Sem previsão de entrar na pauta de votação da Câmara dos Deputados, mesmo diante da pressão de parlamentares da bancada feminina e de movimentos de mulheres, o Projeto de Lei 896/2023, conhecido como PL da Misoginia, que significa ódio e aversão a mulheres, segue entre os temas mais debatidos nas redes sociais e no Congresso Nacional. Ao mesmo tempo em que ganha apoio de entidades que defendem o enfrentamento à violência de gênero, a proposta também se tornou alvo de uma intensa campanha de desinformação.
De autoria da senadora Ana Paula Lobato (PDT-MA) e com um substitutivo elaborado na Câmara dos Deputados, o projeto define misoginia como a prática, a indução ou a incitação de violência, de restrição ao pleno exercício de direitos ou de ofensa à dignidade da mulher, em razão de sua condição de mulher.
O PL propõe incluir esse tipo de discriminação entre os crimes previstos na Lei do Racismo (Lei nº 7.716/1989). Caso seja aprovado, discursos de ódio dirigidos às mulheres passarão a receber o mesmo tratamento jurídico já aplicado a práticas discriminatórias motivadas por raça, etnia, religião ou procedência nacional.
Ou seja, a sentença para tal conduta se tornaria inafiançável e imprescritível.
O projeto segue travado na Câmara, mesmo com aprovação unânime no Senado e com o regime de urgência já aprovado pelos deputados.
Mas, afinal, o que realmente muda com a proposta? Ela limita a liberdade de expressão? Como ficariam as manifestações religiosas em questões referentes a mulheres? O que diferencia misoginia de machismo?
Para responder essas e outras dúvidas, a Rede PT de Comunicação ouviu a advogada familiarista e civilista com Perspectiva de Gênero, Larissa Brito.
O que muda com o projeto?
Embora o termo misoginia já esteja presente na legislação brasileira desde 2018, ainda não existe uma tipificação penal específica para esse tipo de discriminação. Segundo a especialista, é justamente essa lacuna que o projeto pretende preencher.

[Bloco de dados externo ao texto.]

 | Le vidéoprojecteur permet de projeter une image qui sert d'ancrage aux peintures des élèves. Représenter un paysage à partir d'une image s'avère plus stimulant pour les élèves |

“A misoginia é, de forma simples, o ódio ou a aversão às mulheres. Não se trata de um pensamento ou de uma opinião, mas de condutas que incitam esse ódio e essa violência contra as mulheres”, explica.
Na prática, a proposta inclui a misoginia entre as condutas previstas na Lei do Racismo, tornando crime a promoção de discursos de ódio direcionados às mulheres enquanto grupo social. Para Brito, trata-se de uma evolução natural da legislação brasileira.

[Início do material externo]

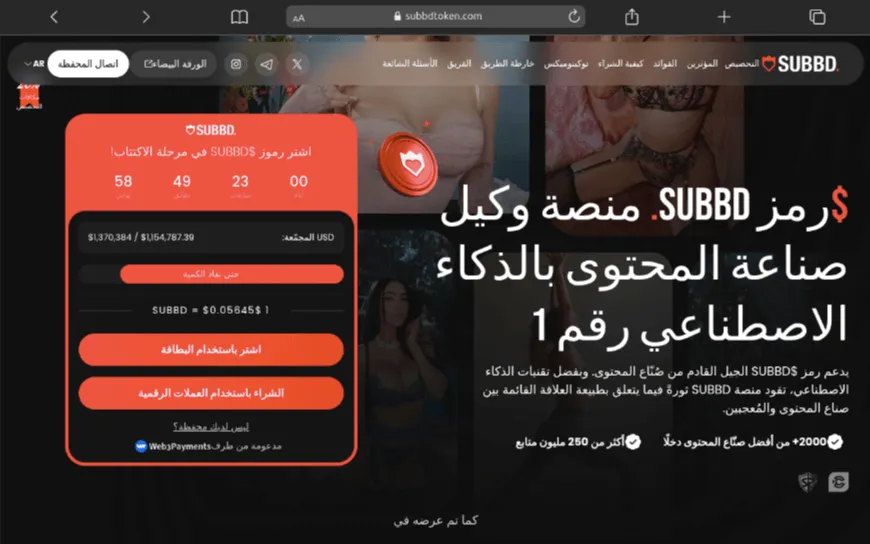 تجري الآن مرحلة البيع المسبق لرموز $SUBBD بسعر منخفض يبدأ من 0.055 دولار فقط، مع توقع نمو يصل إلى 11 ضعفًا بنهاية 2025. كما توفر المنصة عوائد سنوية ثابتة تبلغ 20% من خلال نظام التخزين (Staking)، إضافة إلى عقود ذكية مُدققة أمنيًا، وعدد رموز محدود بمليار فقط، مما يعزز ندرة الأصل وقيمته.

“A criminalização do discurso de ódio não é novidade. O STF já equiparou a homotransfobia ao racismo, e a própria Constituição determina o combate às diversas formas de discriminação. As mulheres é que ficaram de fora dessa proteção específica”, afirma.
Ela lembra ainda que convenções internacionais das quais o Brasil é signatário, como a Convenção de Belém do Pará e a Convenção para Eliminação de Todas as Formas de Discriminação contra a Mulher (Cedaw), já estabelecem a obrigação de combater a violência e os discursos de ódio contra mulheres.
“O projeto nada mais é do que o cumprimento de obrigações constitucionais e internacionais. O que muda é que agora esses discursos poderão ser criminalizados e punidos”, resume.
Quando um discurso passa a ser misoginia?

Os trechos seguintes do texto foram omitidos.